S2, E3: Skinworks, School of Advanced Skincare - Natalie Parkin
The conversation with Natalie Parkin unfolds like a map of modern reinvention. Her story begins in a shampoo-set salon, detours through single motherhood, and surges into IT and telecom sales before landing at the helm of Skinworks School of Advanced Skincare. What initially looked like a straightforward business buy revealed a tightly regulated world where education, accreditation, client safety, and evolving technology coexist. Natalie found a deeper mission: help students, many of them women seeking flexibility and stability, build careers that fit their lives. That blend of purpose and pragmatism runs through every decision she makes as a leader.
One of the strongest threads is how technology quietly powers aesthetics. Natalie’s background in networks and fiber optics meets daily reality with alexandrite and YAG laser platforms, microcurrent, galvanic treatments, and the maintenance and safety protocols that keep advanced services reliable. Aesthetics isn’t just “pampering.” It’s a hybrid of hands-on care, physics, and precise process, especially in a med spa-heavy market like Utah. That context matters, because students don’t just learn facials and waxing. They absorb standards, device literacy, and communication skills that shape client trust. It’s also why an industry rooted in personal relationships—think waxers with loyal, repeat clients—still depends on systems thinking and continuous training.

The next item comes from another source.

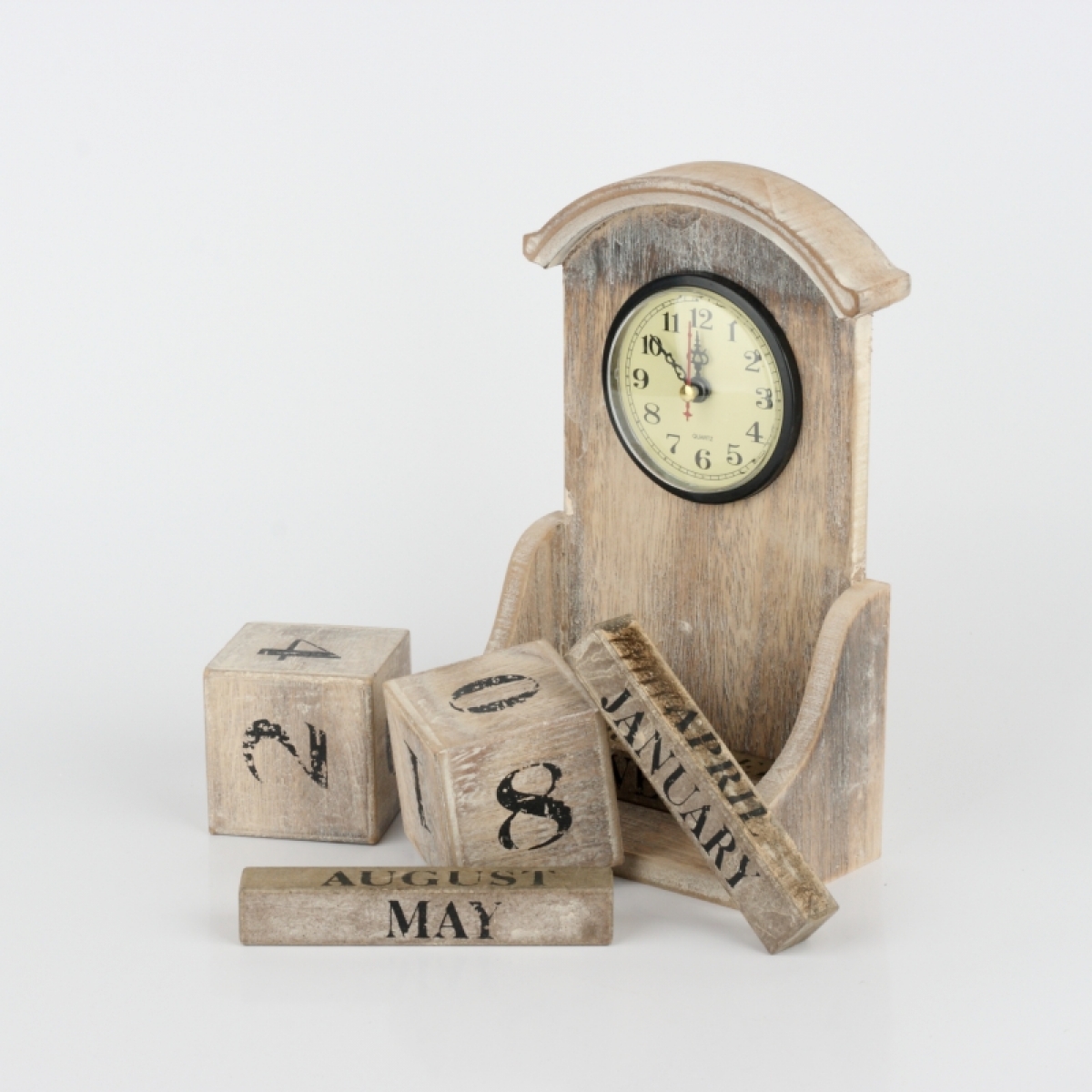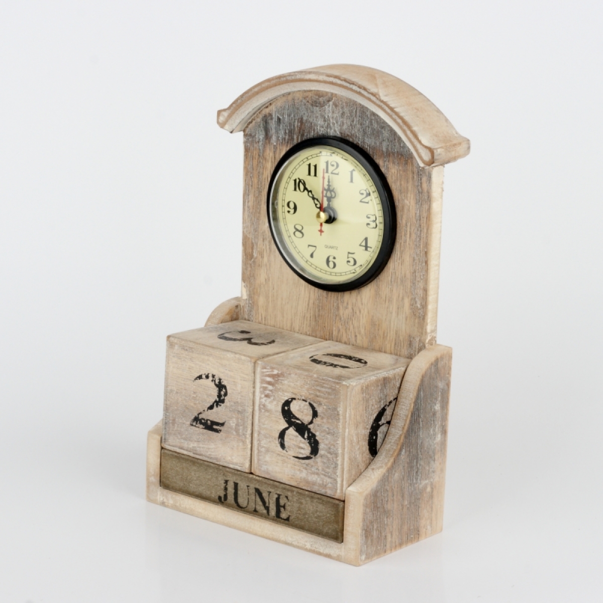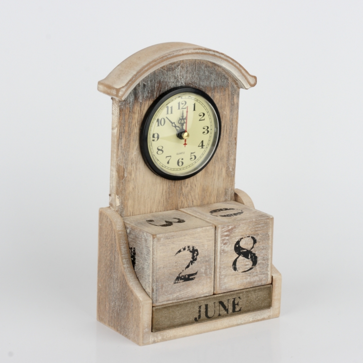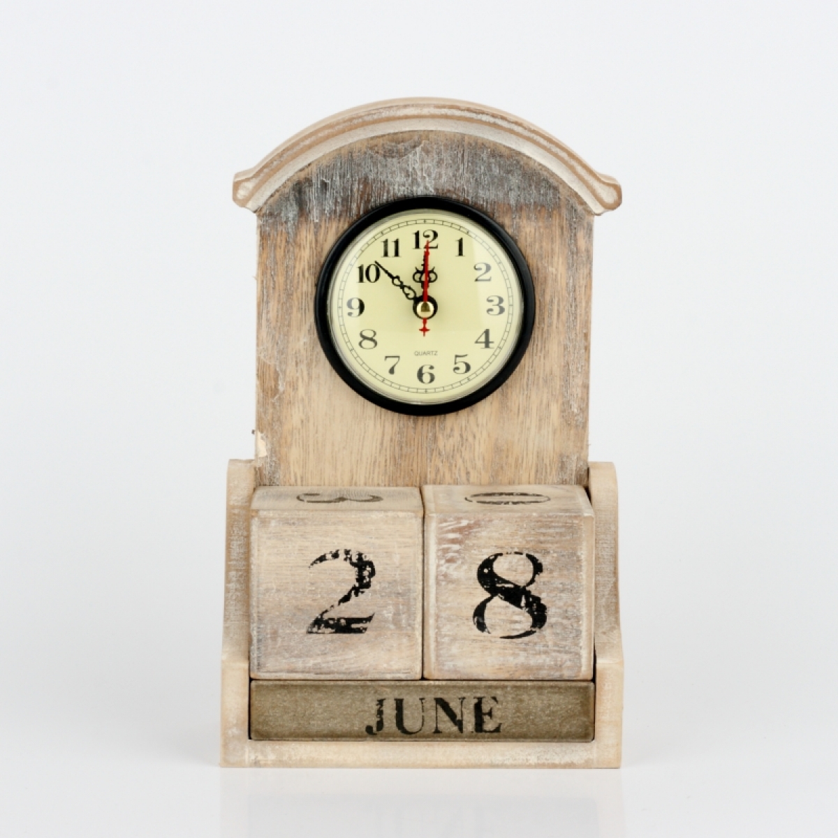 Stolové hodiny s kalendárom prírodnou s patinou 28x14x7cm sú štýlovým retro doplnkom písacieho stola aj komody.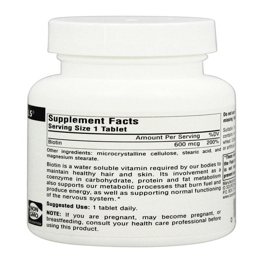 The supplement may also support the health of the skin‚ nerves‚ digestive tract‚ and cells. Biotin 600 mcg 100 Tablets from Source Naturals is suitable for vegetarians‚ is hypoallergenic‚ and is free of yeast‚ dairy‚ egg‚ gluten‚ corn‚ soy‚ wheat‚ sugar‚ starch‚ salt‚ preservatives‚ artificial color‚ flavor‚ or fragrance.

Policy enters the picture with surprising force. Natalie describes frequent legislative shifts: hours required, license structures, and the creation of a standalone lash license that jumped from 100 to 270 hours. Utah eliminated the basic aesthetics license, consolidating into a 1200-hour master license. Those choices change how aspiring aestheticians plan school, how employers hire, and how schools track placement outcomes. Advocacy, then, becomes part of the job. Natalie and peer schools show up at the Capitol and in D.C. to protect access to Pell Grants, recognize part-time income in a female-majority field, and keep training aligned with real jobs. The payoff is tangible when policies improve—and painfully obvious when they don’t.
Culture shapes all of this. Utah’s high density of med spas, plastic surgery, and aesthetics-only schools creates both opportunity and scrutiny. Trends recycle—lash perms reborn as lash lifts, microcurrent back in vogue—while new devices and techniques push standards forward. In that flux, the human side is constant: building confidence in students who may need six weeks to comfortably greet a stranger; inviting alumni back for refreshers to expand services and income; rejecting non-competes that punish practitioners for growing relationships. Natalie frames it simply: employers should earn loyalty, not enforce it. That philosophy mirrors how trust builds in aesthetics, one safe, skillful appointment at a time.
The episode closes on practical notes. Skinworks has grown in a central Salt Lake hub, with frequent upgrades and a training clinic that doubles as community outreach. The call to action is refreshingly direct: come get a facial, meet students, and see what modern aesthetics education looks like. For many, that single appointment reframes the industry as a credible career path with flexible scheduling and real earning power. For others, it’s a reminder to wear sunscreen, moisturize, and invest early in healthy skin. Between lasers and legislation, spreadsheets and serums, Natalie shows how a school can change lives by treating beauty like the serious, human-centered, future-facing field it is.